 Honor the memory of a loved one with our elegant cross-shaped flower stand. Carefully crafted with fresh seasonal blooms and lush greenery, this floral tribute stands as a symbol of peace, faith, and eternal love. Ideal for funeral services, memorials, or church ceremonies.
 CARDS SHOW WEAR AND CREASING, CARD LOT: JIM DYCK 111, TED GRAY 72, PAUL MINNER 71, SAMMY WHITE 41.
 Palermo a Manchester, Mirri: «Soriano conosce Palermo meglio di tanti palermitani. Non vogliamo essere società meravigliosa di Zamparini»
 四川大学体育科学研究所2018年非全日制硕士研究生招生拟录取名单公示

----

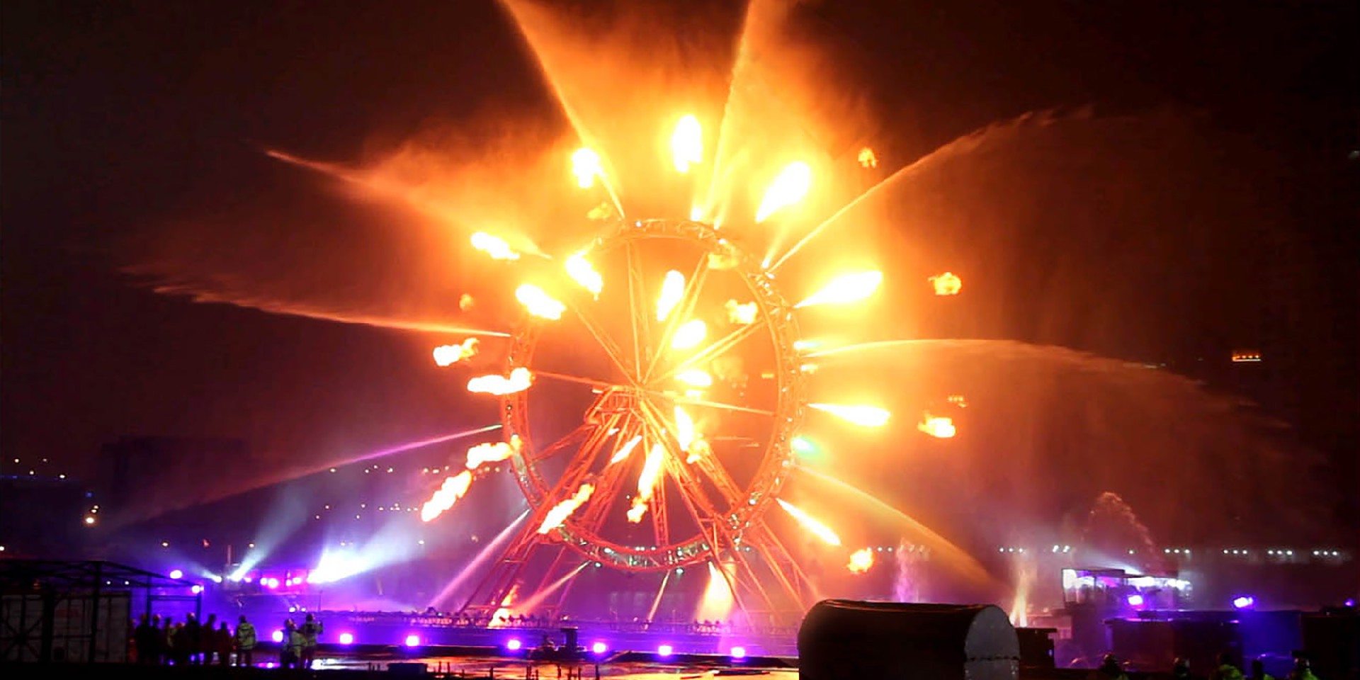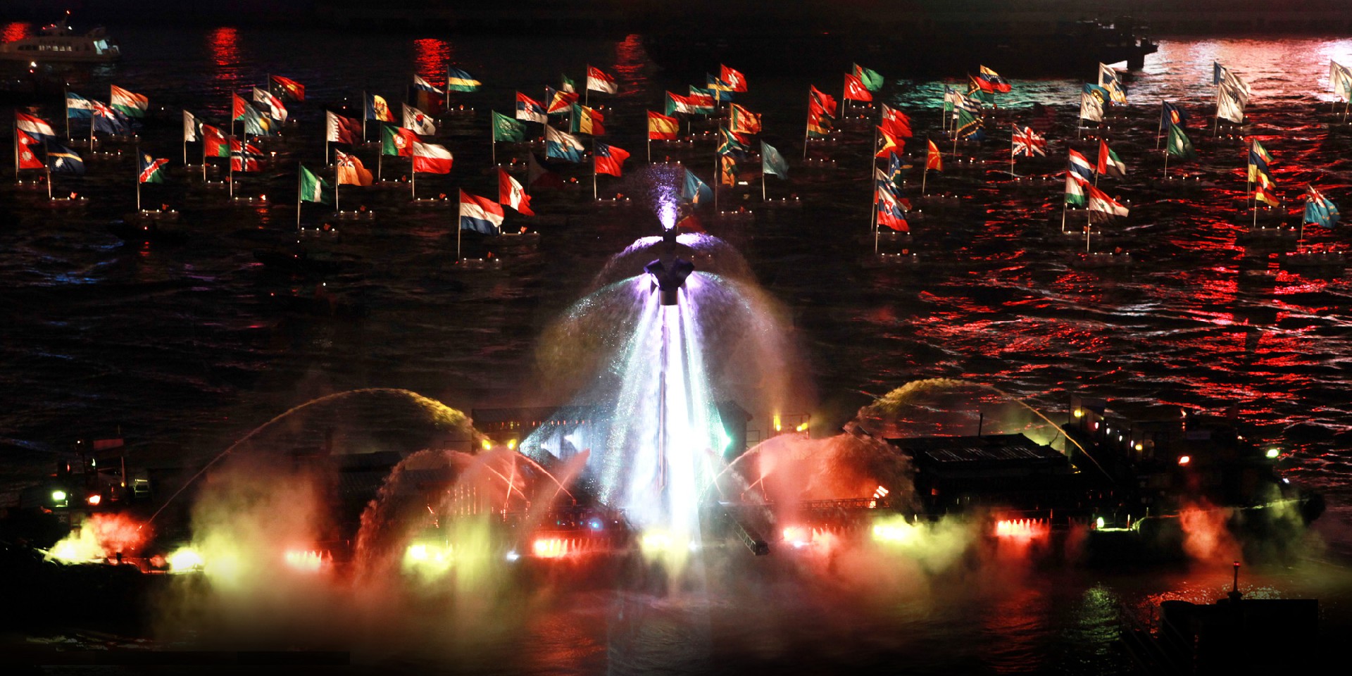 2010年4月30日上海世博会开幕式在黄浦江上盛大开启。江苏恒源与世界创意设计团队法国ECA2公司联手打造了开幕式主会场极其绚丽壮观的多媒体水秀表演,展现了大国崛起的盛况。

----

## TASK TO COMPLETE
Go through the listing above and write out exactly the lines starting with the one holding "Honor the memory" and running through the one holding "四川大学体育科学研究所2018年非全日制硕士研究生招生拟录取名单公示", ends included, and no others.

## SOLUTION TO THIS EXERCISE
 Honor the memory of a loved one with our elegant cross-shaped flower stand. Carefully crafted with fresh seasonal blooms and lush greenery, this floral tribute stands as a symbol of peace, faith, and eternal love. Ideal for funeral services, memorials, or church ceremonies.
 CARDS SHOW WEAR AND CREASING, CARD LOT: JIM DYCK 111, TED GRAY 72, PAUL MINNER 71, SAMMY WHITE 41.
 Palermo a Manchester, Mirri: «Soriano conosce Palermo meglio di tanti palermitani. Non vogliamo essere società meravigliosa di Zamparini»
 四川大学体育科学研究所2018年非全日制硕士研究生招生拟录取名单公示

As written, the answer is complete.